__TASK INSTRUCTIONS__. No line before the one holding "Tytuł projektu: „Wzmacnianie" is to be copied; that line and all after it, through the end of the listing, are returned exactly, minus pictures.

__PROVIDED DATA__.
- - - - - - -
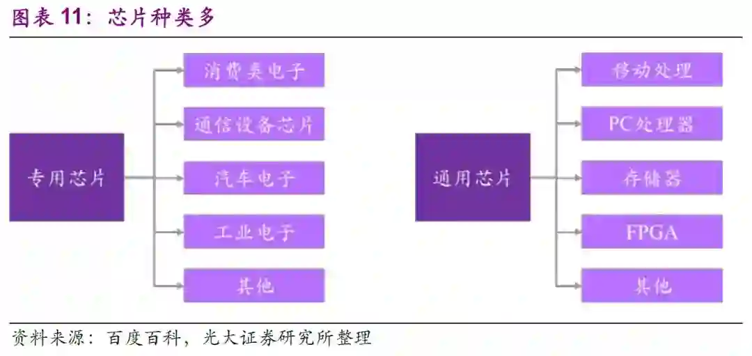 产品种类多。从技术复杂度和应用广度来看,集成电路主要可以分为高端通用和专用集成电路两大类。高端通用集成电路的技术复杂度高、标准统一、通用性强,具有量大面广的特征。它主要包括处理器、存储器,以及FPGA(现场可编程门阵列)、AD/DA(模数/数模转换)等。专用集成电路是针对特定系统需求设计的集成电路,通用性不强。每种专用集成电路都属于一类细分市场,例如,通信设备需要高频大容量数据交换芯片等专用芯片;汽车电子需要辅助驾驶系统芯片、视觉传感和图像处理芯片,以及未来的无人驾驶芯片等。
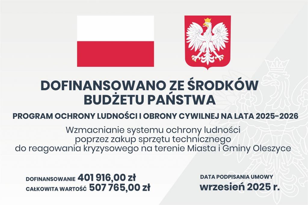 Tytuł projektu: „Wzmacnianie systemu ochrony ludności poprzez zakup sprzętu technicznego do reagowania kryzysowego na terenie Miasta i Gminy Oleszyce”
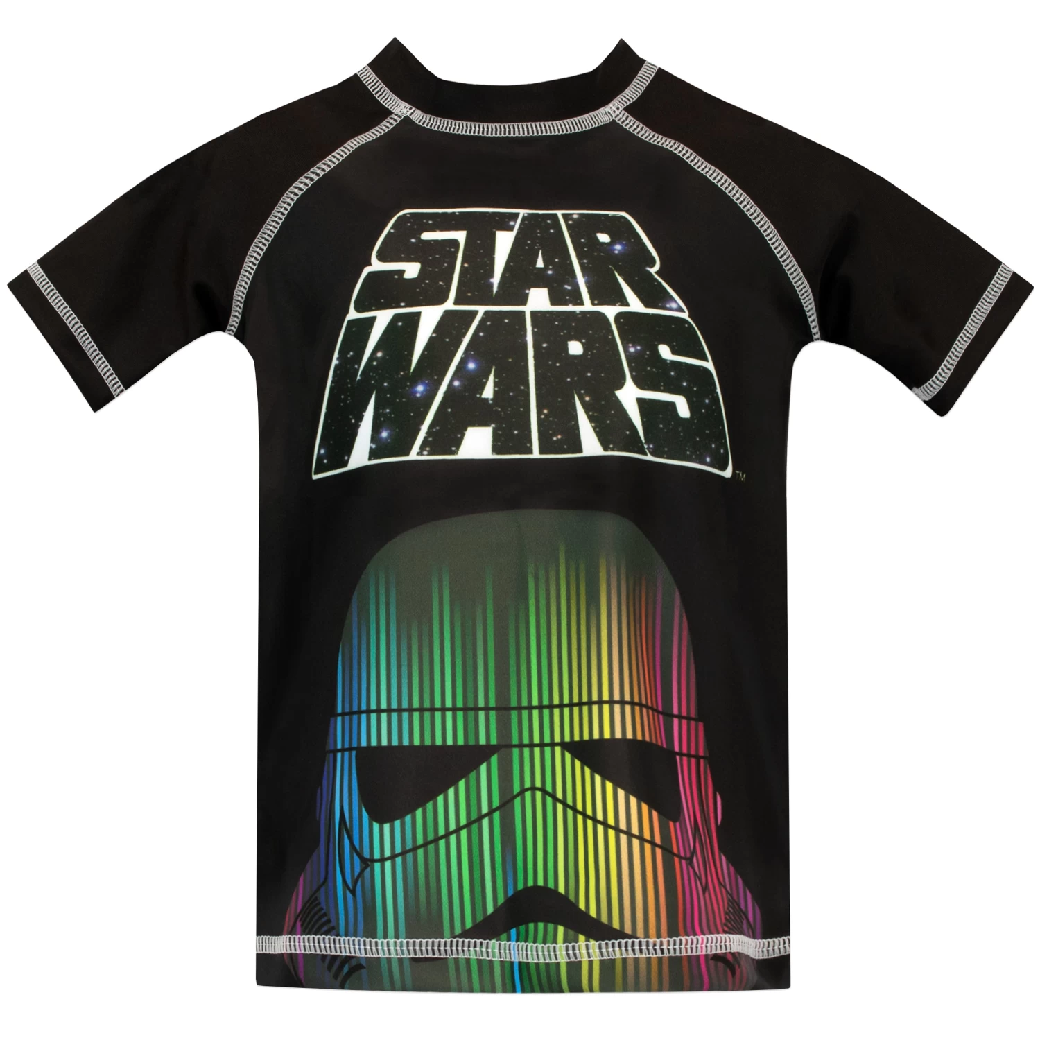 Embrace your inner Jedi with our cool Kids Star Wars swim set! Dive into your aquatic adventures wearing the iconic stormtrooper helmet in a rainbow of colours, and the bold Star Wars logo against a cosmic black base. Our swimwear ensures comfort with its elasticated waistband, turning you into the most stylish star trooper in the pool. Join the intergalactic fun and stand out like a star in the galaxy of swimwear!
- - - - - - -
__ANSWER FOR THIS EXERCISE__.
 Tytuł projektu: „Wzmacnianie systemu ochrony ludności poprzez zakup sprzętu technicznego do reagowania kryzysowego na terenie Miasta i Gminy Oleszyce”
 Embrace your inner Jedi with our cool Kids Star Wars swim set! Dive into your aquatic adventures wearing the iconic stormtrooper helmet in a rainbow of colours, and the bold Star Wars logo against a cosmic black base. Our swimwear ensures comfort with its elasticated waistband, turning you into the most stylish star trooper in the pool. Join the intergalactic fun and stand out like a star in the galaxy of swimwear!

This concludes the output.